Exercise stress test

The volunteers underwent a submaximal exercise stress test (70–85% HRmax) to evaluate whether they were fit to participate in the study. The test was carried out on visit 2 within 20–25 days of hospital discharge in the morning hours (11 am to 12 pm). They were instructed to refrain from smoking, alcoholic and caffeinated beverage consumption and moderate to intense physical exertion within 24 h of exercise stress test and continue taking their medication. It was performed at ICFUC stress testing laboratory using a treadmill (Inbramed, Porto Alegre, Brazil) and ErgoPC 13 software according to Bruce protocol or a ramp protocol based on to the patient's profile and a previously established testing routine.

Doppler echocardiography and ultrasound of carotid and vertebral arteries

On visit 3 (three days after the exercise stress test), the participants underwent imaging assessments at ICFUC Clinical Research Laboratory in the morning hours (8 am to 12 pm).
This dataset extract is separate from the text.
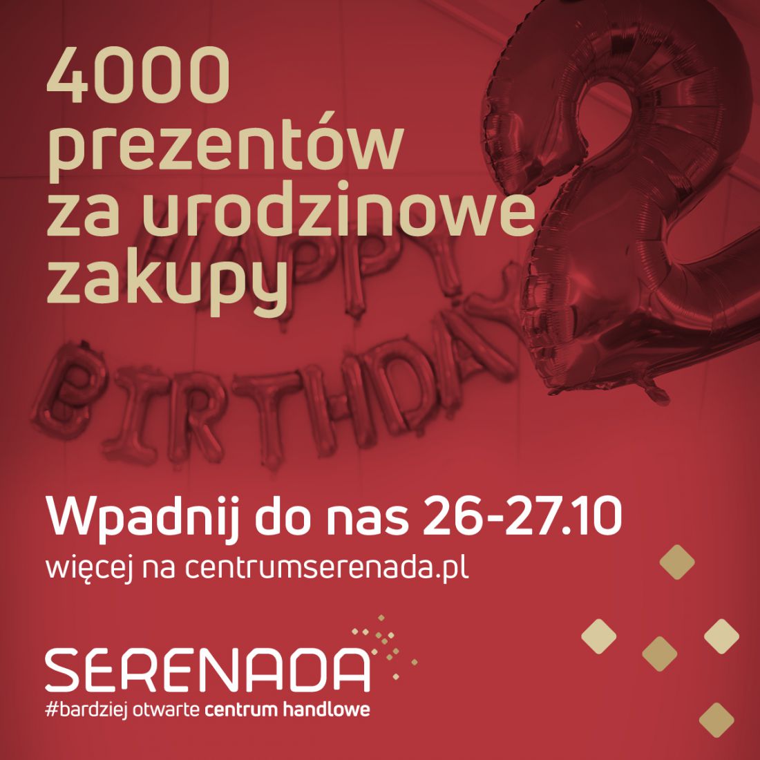 Przed nami dwa wyjątkowe dni pełne emocji – 26 i 27 października świętujemy drugie urodziny Centrum Serenada! Oprócz licznych atrakcji, porywającej muzyki i animacji dla dzieci, na klientów czeka specjalna akcja promocyjna, w której do rozdania jest aż 4000 praktycznych prezentów.

They were asked to continue taking their medication. The same evaluator (D.K.) blind to intervention allocation performed all examinations using a Philips Medical Systems’ EnVisor ultrasound system (Bothell, WA/USA). Left ventricular (LV) volumes were measured using Simpson’s rule formula (biplane method). Left ventricular end-systolic volume (ESV) and end-diastolic volume (EDV) were adjusted for body surface area (ESVI and EDVI). We assessed the following transthoracic echocardiographic parameters: ventricle and atrium sizes; wall thickness and contractile function; valve structure and functions; large vessels (aorta, pulmonary arteries, vena cava, and pulmonary veins); segmental and global systolic and diastolic function; and pulmonary artery and right atrium pressure [30].
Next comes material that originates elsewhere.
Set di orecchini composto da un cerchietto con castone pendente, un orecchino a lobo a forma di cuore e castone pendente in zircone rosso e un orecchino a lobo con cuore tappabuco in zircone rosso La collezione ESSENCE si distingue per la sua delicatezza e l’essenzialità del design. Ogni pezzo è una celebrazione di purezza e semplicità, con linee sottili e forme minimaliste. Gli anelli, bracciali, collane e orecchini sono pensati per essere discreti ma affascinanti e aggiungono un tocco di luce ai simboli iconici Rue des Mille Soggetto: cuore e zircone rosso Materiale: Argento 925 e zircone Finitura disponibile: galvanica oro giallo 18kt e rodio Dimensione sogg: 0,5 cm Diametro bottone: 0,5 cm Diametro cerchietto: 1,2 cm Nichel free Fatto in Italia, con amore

The same evaluator (N.L.B.) blind to intervention allocation performed all ultrasound examinations of carotid and vertebral arteries. The extracranial segments of right and left carotid arteries were examined for atherosclerotic plaques. Common, internal and external carotid arteries were examined using color Doppler flow imaging and flow velocities were measured using pulsed Doppler ultrasound. We assessed carotid artery stenosis based on the 2003 Consensus [31] by analyzing peak systolic velocity (PSV), internal carotid artery (ICA), common carotid artery (CCA) and end-diastolic velocity (EDVe) as follows: (1) < 50% carotid stenosis: ICA PSV < 125 cm/s; carotid plaque with < 50% cross-sectional luminal narrowing; (2) 50%–69% carotid stenosis: ICA PSV 125–230 cm/s; plaque with ≥ 50% cross-sectional luminal narrowing; (3) ≥ 70% carotid stenosis: ICA PSV > 230 cm/s; plate with > 50% cross-sectional luminal narrowing; (4) carotid sub-occlusion: PSV variables; plate with large carotid sub-occlusion; (5) carotid occlusion: no detectable patent lumen and flow. Other additional parameters were also assessed: (1) < 50% carotid stenosis: PSV to ICA/CCA ratio < 2 and EDVe < 40 cm/s; (2) 50%–69% carotid stenosis: PSV to ICA/CCA ratio 2 to 4 and EDVe 40–100 cm/s; (3) ≥ 70% carotid stenosis: PSV to ICA/CCA ratio > 4 and EDVe > 100 cm/s.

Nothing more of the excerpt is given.